▸ THE DATA:
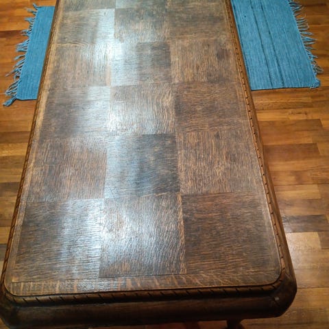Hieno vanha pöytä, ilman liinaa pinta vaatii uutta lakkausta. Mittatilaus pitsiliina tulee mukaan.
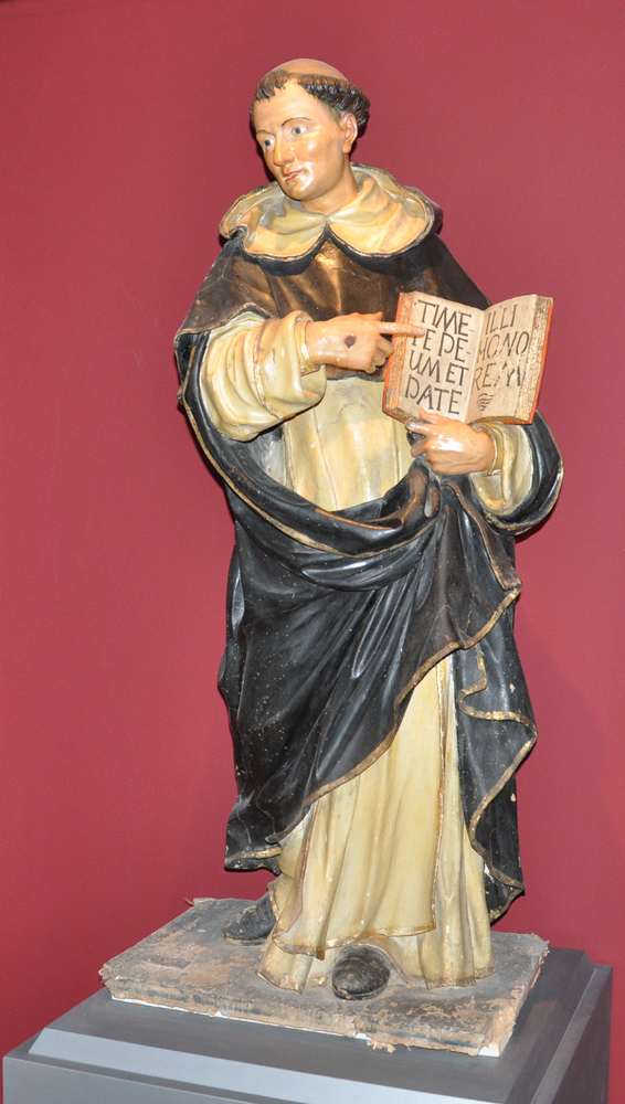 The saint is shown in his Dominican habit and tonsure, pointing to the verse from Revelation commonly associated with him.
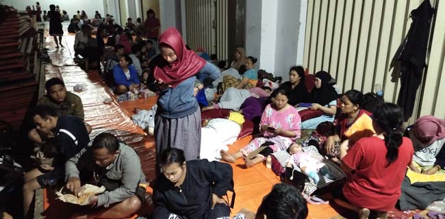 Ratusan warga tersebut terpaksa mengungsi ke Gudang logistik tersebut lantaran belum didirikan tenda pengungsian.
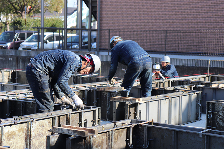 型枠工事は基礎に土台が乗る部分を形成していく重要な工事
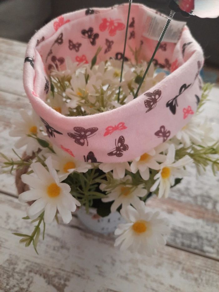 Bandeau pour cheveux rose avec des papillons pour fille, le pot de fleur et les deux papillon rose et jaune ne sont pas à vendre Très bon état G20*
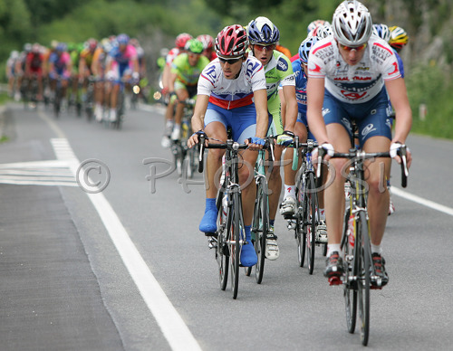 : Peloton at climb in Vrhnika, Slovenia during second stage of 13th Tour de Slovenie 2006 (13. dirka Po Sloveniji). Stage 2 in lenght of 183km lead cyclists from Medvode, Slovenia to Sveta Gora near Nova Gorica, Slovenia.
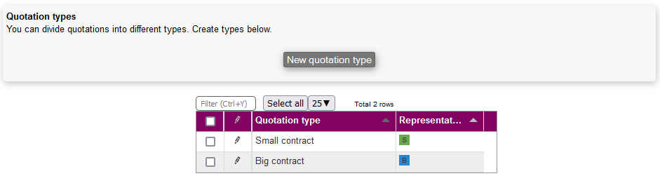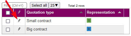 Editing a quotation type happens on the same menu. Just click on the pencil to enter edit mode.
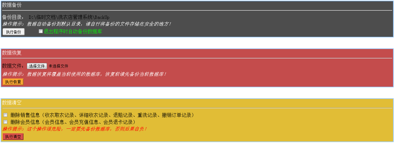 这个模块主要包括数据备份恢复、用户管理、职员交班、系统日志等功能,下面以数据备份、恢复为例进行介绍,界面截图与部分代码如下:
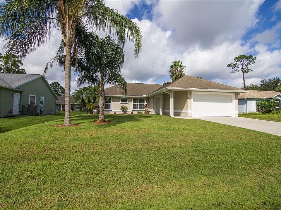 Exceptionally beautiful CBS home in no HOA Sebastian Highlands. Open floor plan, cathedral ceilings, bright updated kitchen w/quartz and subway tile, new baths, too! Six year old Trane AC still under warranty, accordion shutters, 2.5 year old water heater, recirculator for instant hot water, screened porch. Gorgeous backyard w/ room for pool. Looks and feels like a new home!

---

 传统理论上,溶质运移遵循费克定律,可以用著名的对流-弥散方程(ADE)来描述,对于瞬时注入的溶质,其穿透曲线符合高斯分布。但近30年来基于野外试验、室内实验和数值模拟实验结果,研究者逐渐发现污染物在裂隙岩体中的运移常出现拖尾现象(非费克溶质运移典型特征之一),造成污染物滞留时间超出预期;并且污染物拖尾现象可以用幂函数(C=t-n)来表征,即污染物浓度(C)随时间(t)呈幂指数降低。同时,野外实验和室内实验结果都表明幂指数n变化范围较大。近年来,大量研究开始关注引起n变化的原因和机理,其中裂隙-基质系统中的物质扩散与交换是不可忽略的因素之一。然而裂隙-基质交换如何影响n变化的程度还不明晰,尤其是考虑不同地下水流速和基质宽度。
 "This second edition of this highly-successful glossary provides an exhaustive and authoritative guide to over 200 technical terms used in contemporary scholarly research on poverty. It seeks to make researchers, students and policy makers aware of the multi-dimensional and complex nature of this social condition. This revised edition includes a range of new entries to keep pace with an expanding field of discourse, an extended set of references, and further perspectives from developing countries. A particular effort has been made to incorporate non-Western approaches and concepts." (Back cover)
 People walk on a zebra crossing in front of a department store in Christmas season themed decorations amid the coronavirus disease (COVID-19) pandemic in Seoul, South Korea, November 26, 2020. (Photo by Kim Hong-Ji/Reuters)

▸ WORK TO COMPLETE: With the pictures removed from your copy, retype the lines above from the one that contains "这个模块主要包括数据备份恢复" through the one that contains "Exceptionally beautiful CBS", exactly.

▸ SOLVED EXERCISE:
 这个模块主要包括数据备份恢复、用户管理、职员交班、系统日志等功能,下面以数据备份、恢复为例进行介绍,界面截图与部分代码如下:
 Exceptionally beautiful CBS home in no HOA Sebastian Highlands. Open floor plan, cathedral ceilings, bright updated kitchen w/quartz and subway tile, new baths, too! Six year old Trane AC still under warranty, accordion shutters, 2.5 year old water heater, recirculator for instant hot water, screened porch. Gorgeous backyard w/ room for pool. Looks and feels like a new home!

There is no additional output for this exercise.